Many thanks for coming back to me with such a full response.

Firstly, I’d like to say that I appreciate the unprecedented challenges the department – and Government - is facing, and the demand on resources from across all sectors of the country.

I would however like to pick up with a few points you raised – and offer some suggestions.

1] Dividends

I understand that from the tax returns it receives, HMRC cannot distinguish between how much of a dividend is made up from ‘earned’/ generated income and how much from ‘passive’ income (eg investments.)

However, accountants do have this information and could confirm the breakdown of revenue sources with a single, certified email/ letter. I’ve spoken to media accountants who have said this would be a very straightforward and quick information clarifying exercise of the sort they regularly provide HMRC.

It’s worth stressing again that most company directors, especially those individuals running PSCs, take their renumeration in dividends to help manage cashflow, and because they do not know until the year end what they have earned, and how much they can take from the business. Very few are in a position to be able to assign a regular monthly income.

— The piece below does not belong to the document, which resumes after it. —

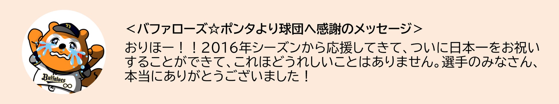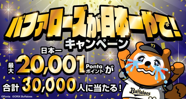 共通ポイントサービス「Ponta(ポンタ)」を運営する株式会社ロイヤリティ マーケティング(本社:東京都渋谷区、代表取締役社長:長谷川 剛、以下「LM」)は、2016年シーズンからオリックス・バファローズのスポンサーをしており、2022年シーズンはユニフォームパンツスポンサーとして応援企画を展開しています。オリックス・バファローズが日本シリーズを制し、2022年シーズンの日本一となったことを記念して、2022年10月31日(月)~11月20日(日)、合計30,000名様にPontaポイントや選手のサイン入りバファローズ☆ポンタぬいぐるみなどが当たるキャンペーンを実施します。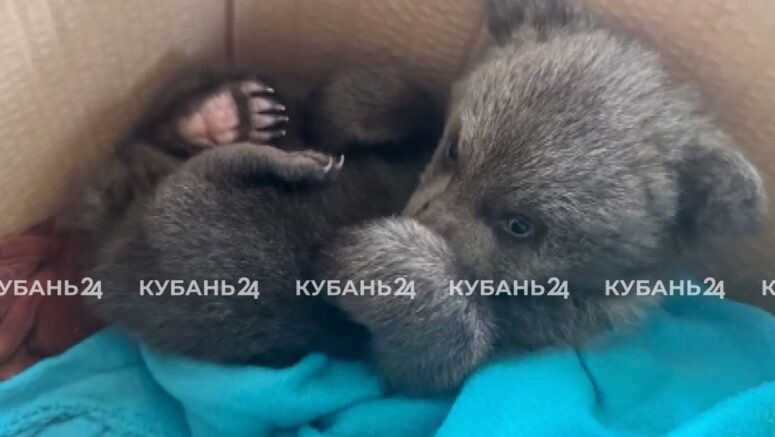 На Кубани семья спасла брошенного матерью в лесу медвежонка

2] The recently self-employed

On the question of the recently self-employed, I understand the Government’s concerns about risk of fraud. However, there is no need for HMRC to lessen the due diligence it does if returns for the year to April 2020 were included in eligibility for SEISS. If it set an imminent deadline of, say, end of June with a view that payments under the SEISS would take some months to be issued, at least the individuals would have a degree of confidence to take out loans to support themselves in the interim. At present – I know this from personal experience – manypeople, and business owners, are loath to sink further into debt with little idea of how, or if, they will be able to pay them off.

3] I appreciate that the creative industries are unusual in that freelancers often work a combination of both PAYE and self-employed in any given year. This is not a matter of choice: it is because HMRC itself has stipulated it based on the job title, or credit, the individual is given on a particular production. However, one of the consequences is that significant numbers of people fall either just below the SEISS threshold (because self-employed profits constitute less than 50% of their take home earnings) or just over it and as a result receive just a fraction of what they need to survive. Given HMRC has information on both, has this been raised with HMT/ HMRC and what is their view?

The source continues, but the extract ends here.